Chacun de ces membres développera un champ particulier de la sociolinguistique : Hymes : contact de langue et créolistique / Fishman : langues des minorités et rapport langue/identité/Gumperz « la sociolinguistique interactionelle et l’ethno-méthodologie Labov : la sociolinguistique variationiste urbaine / Ferguson : champ large mais pour le domaine arabe sur lequel je reviendrai : la question de la diglossie et les koines urbaines.
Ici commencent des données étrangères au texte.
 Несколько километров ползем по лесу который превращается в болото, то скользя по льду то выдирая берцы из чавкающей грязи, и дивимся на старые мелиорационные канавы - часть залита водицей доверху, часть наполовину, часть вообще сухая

A partir de la fin des années soixante, la sociolinguistique devient un champ important, actif qui a beaucoup apporté au renouvellement de nos catégories en particulier grâce au domaine de la linguistique de contact et qui a souligné la relativité des frontières et des catégories: Les langues qui étaient perçues comme des systèmes autonomes vont de plus en plus être perçues comme des systèmes poreux, fluides, variables, etc.
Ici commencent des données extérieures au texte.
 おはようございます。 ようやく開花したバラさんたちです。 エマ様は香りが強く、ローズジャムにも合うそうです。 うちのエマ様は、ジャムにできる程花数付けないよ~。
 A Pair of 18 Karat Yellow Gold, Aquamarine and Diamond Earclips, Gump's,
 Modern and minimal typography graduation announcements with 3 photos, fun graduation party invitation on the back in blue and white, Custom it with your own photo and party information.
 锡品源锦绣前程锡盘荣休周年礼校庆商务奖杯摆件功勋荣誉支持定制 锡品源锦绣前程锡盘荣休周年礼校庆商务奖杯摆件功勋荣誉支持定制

La sociolinguistique rappelle que les langues sont des abstractions, des catégories construites par les linguistes/grammairiens et les acteurs sociaux et politiques qu’il s’agisse des catégories comme langues ou dialectes ou variétés.

Toutes ces catégories ne reflètent pas des réalités inhérentes. Donc la sociolinguiste a participé du mouvement général des idées en Sciences humaines de la deuxième partie du XXème siècle où on est passé de conceptions essentialistes héritées du 19ème s. (cf. races, ethnies, langues) à des conceptions beaucoup plus relativistes, contextualisées, historicisées (il n’existe pas de catégories pré-établies, ce sont les acteurs et les chercheurs qui créent ces catégories )

Mais comme toute discipline, la sociolinguistique a eu également tendance à se fragmenter en de multiples sous domaines avec des querelles de méthode qui ne sont pas toujours très passionnantes. Parmi les grandes tendances actuelles:

a) d’une part tous les travaux relevant de la sociologie du langage où l’accent est surtout mis sur les groupes sociaux, les politiques linguistiques etc. et où la description des faits linguistiques est relativement marginale,

b) la linguistique variationiste, tendance Labov, qui reste dans une conception systémique du langage même si considère que la variation est le moteur de l’évolution linguistique. Cette branche s’attache principalement à l’étude des variantes sociales à l’intérieur de ces systèmes. Domaine qui attache une grande importance aux corrélations statistiques comme dans la sociologie et c’est pourquoi ce sont essentiellement des variantes phonologiques qui sont étudiées car sont plus facilement comptabilisables. On peut également placer dans cette lignes les travaux de l’école anglo-saxonne qui ont beaucoup travaillé sur le contact dialectal en milieu urbain et les phénomènes d’accommodation dialectal (Trudgill, Milroy, Kersvill, etc.).

c) tout le domaine de la pragmatique, sociolinguistique interactionnelle, les actes du discours etc. où l’on va montrer dans des études plutôt micro comment les locuteurs jouent, se positionnent sur les différents registres/variétés de langue

d) plus récemment et principalement en France, une sociolinguistique urbaine (Bulot, Calvet) qui ne prend pas simplement la ville comme cadre, mais qui s’interroge sur l’interaction entre ville et pratiques langagières, sur l’urbanité des faits linguistiques.

e) Tout le domaine du contact de langue et de la créolistique qui a connu un essor très important depuis trente ans et qui regroupe des approches très différentes.